→ TASK GOAL:
Starting at the line that contains "数学前沿专家讲座(第五期)Global small solution", write out every line through the end of the records below exactly as it appears, and leave out all pictures.

--

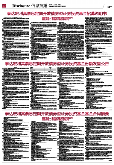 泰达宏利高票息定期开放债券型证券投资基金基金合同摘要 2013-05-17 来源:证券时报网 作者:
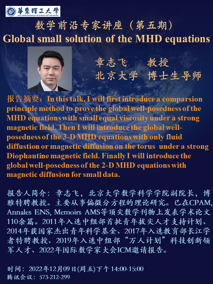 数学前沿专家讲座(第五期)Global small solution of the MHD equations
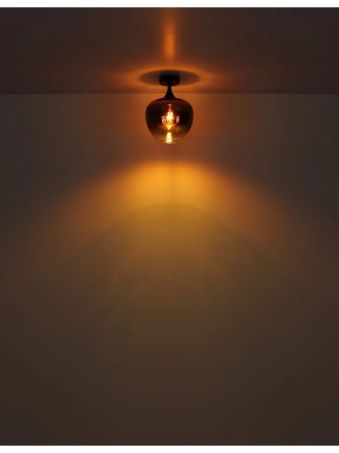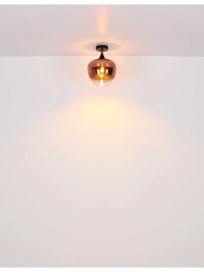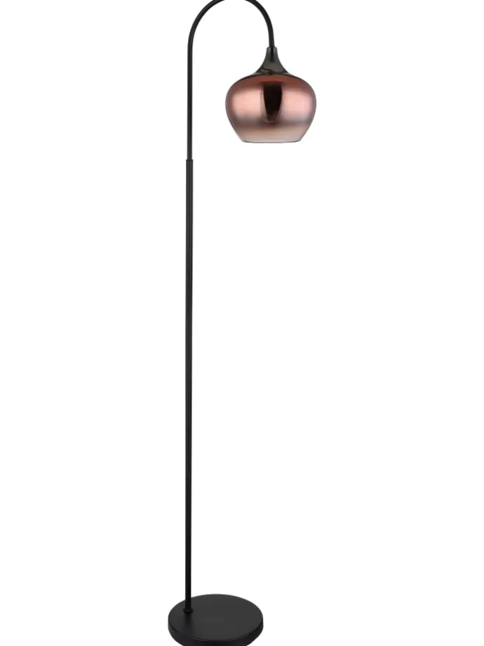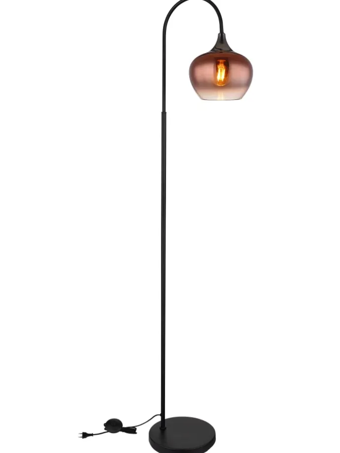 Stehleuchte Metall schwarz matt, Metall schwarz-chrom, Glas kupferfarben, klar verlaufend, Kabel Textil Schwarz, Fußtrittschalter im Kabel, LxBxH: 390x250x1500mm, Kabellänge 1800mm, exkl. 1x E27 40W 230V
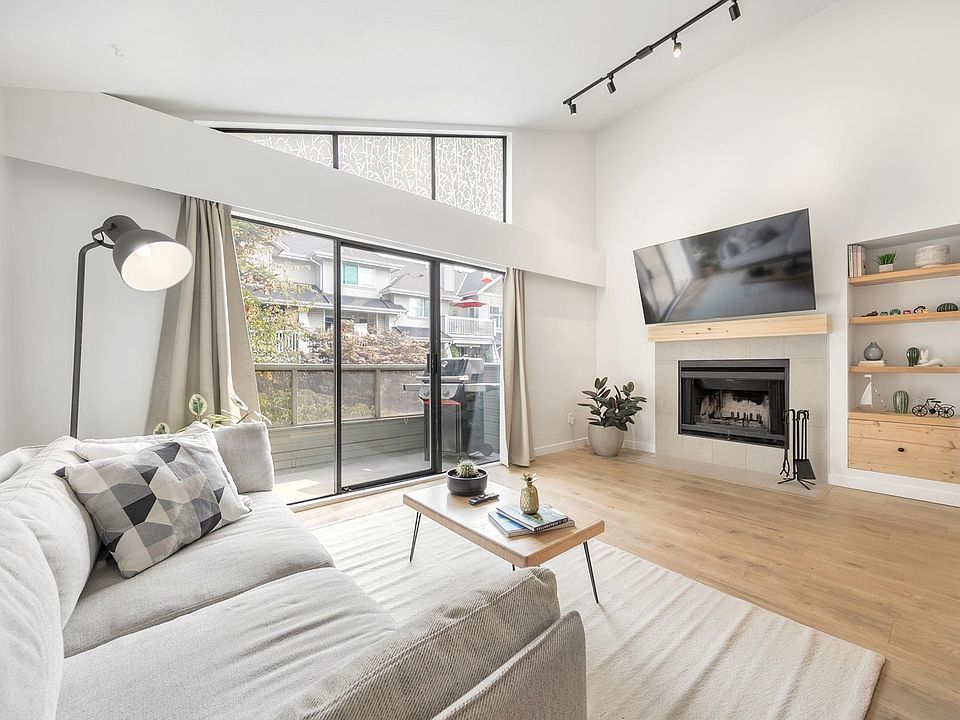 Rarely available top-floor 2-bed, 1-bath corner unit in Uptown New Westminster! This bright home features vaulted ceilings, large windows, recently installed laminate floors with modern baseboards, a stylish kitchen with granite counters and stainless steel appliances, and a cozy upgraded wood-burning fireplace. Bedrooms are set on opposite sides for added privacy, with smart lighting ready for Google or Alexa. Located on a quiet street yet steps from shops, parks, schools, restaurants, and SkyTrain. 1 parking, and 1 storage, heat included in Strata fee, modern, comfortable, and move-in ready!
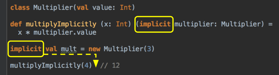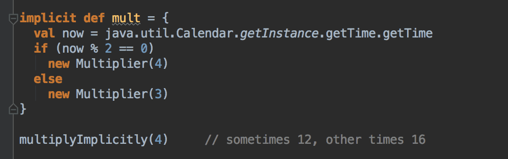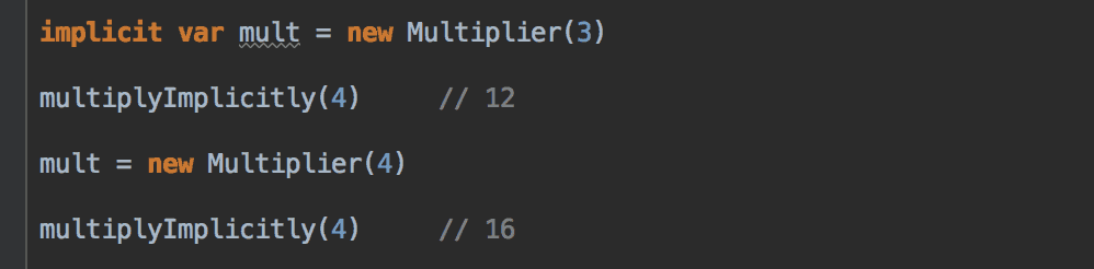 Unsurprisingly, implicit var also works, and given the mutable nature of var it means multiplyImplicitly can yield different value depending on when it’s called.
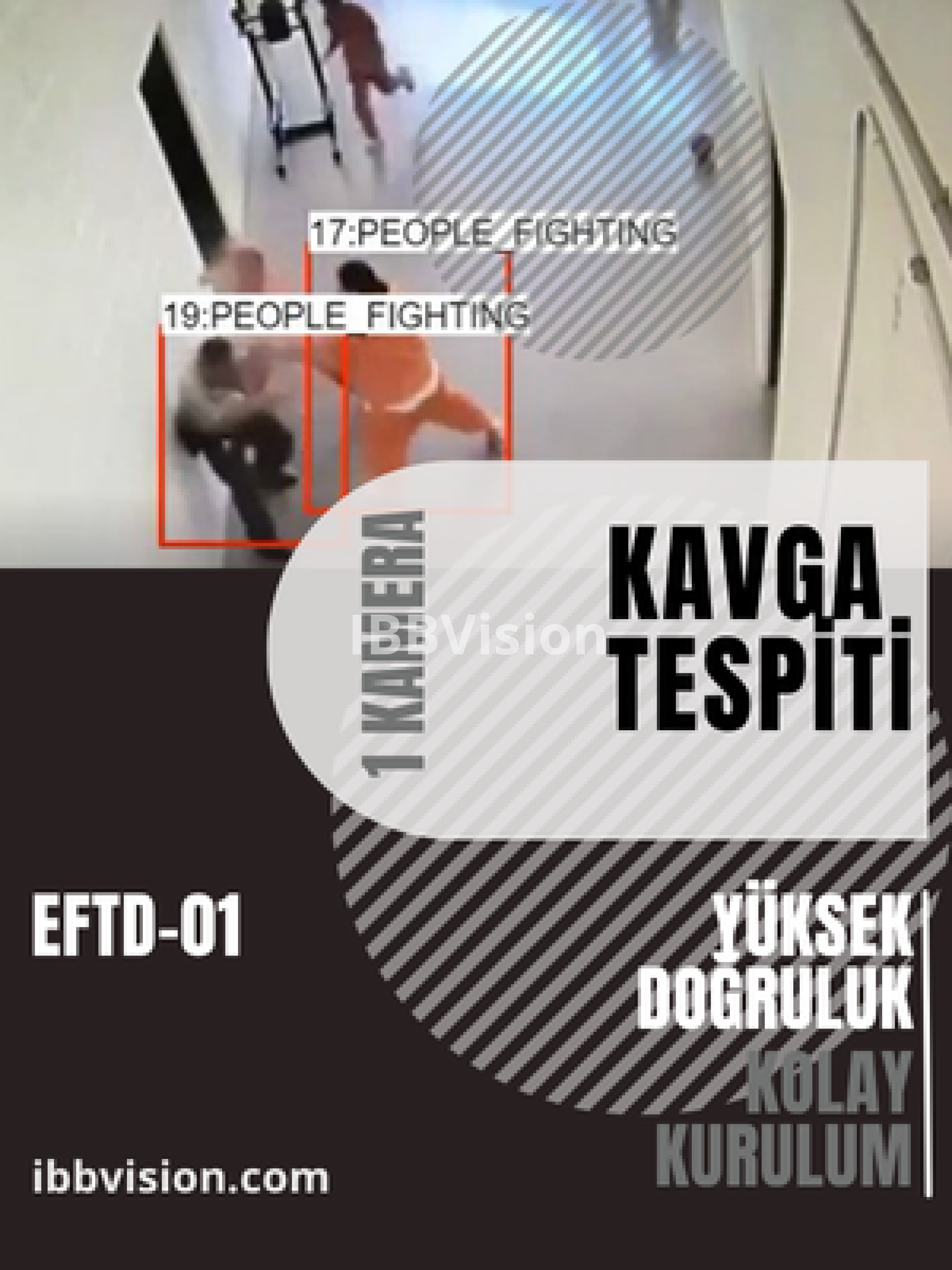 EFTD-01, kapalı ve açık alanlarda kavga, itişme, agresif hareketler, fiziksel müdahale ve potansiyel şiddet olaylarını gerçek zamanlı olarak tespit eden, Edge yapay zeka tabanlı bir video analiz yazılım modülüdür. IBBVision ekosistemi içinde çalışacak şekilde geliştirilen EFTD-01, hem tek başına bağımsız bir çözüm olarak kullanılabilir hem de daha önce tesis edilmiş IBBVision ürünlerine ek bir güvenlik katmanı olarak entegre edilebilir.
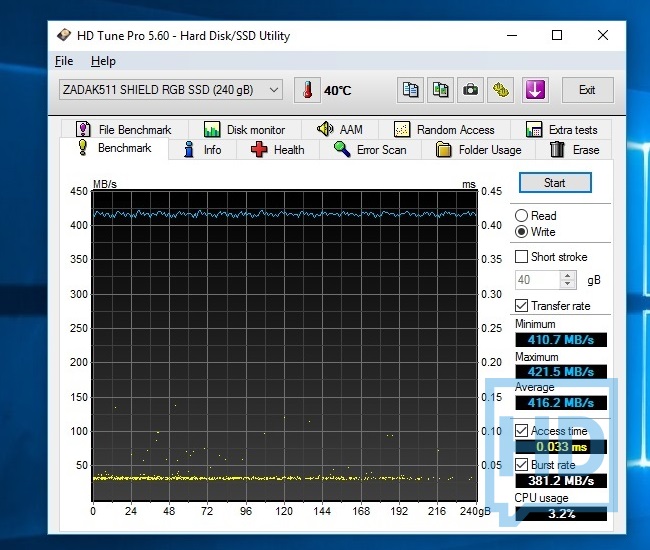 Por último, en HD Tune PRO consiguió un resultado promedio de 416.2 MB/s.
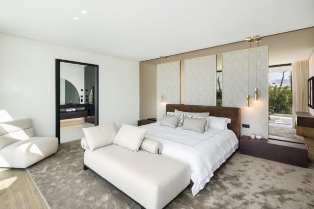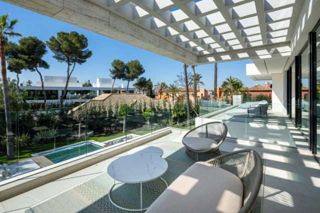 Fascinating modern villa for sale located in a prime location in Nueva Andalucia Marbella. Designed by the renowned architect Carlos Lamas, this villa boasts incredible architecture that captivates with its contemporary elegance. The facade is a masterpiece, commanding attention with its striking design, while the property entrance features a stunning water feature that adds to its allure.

--

→ WRITTEN SOLUTION:
 数学前沿专家讲座(第五期)Global small solution of the MHD equations
 Stehleuchte Metall schwarz matt, Metall schwarz-chrom, Glas kupferfarben, klar verlaufend, Kabel Textil Schwarz, Fußtrittschalter im Kabel, LxBxH: 390x250x1500mm, Kabellänge 1800mm, exkl. 1x E27 40W 230V
 Rarely available top-floor 2-bed, 1-bath corner unit in Uptown New Westminster! This bright home features vaulted ceilings, large windows, recently installed laminate floors with modern baseboards, a stylish kitchen with granite counters and stainless steel appliances, and a cozy upgraded wood-burning fireplace. Bedrooms are set on opposite sides for added privacy, with smart lighting ready for Google or Alexa. Located on a quiet street yet steps from shops, parks, schools, restaurants, and SkyTrain. 1 parking, and 1 storage, heat included in Strata fee, modern, comfortable, and move-in ready!
 Unsurprisingly, implicit var also works, and given the mutable nature of var it means multiplyImplicitly can yield different value depending on when it’s called.
 EFTD-01, kapalı ve açık alanlarda kavga, itişme, agresif hareketler, fiziksel müdahale ve potansiyel şiddet olaylarını gerçek zamanlı olarak tespit eden, Edge yapay zeka tabanlı bir video analiz yazılım modülüdür. IBBVision ekosistemi içinde çalışacak şekilde geliştirilen EFTD-01, hem tek başına bağımsız bir çözüm olarak kullanılabilir hem de daha önce tesis edilmiş IBBVision ürünlerine ek bir güvenlik katmanı olarak entegre edilebilir.
 Por último, en HD Tune PRO consiguió un resultado promedio de 416.2 MB/s.
 Fascinating modern villa for sale located in a prime location in Nueva Andalucia Marbella. Designed by the renowned architect Carlos Lamas, this villa boasts incredible architecture that captivates with its contemporary elegance. The facade is a masterpiece, commanding attention with its striking design, while the property entrance features a stunning water feature that adds to its allure.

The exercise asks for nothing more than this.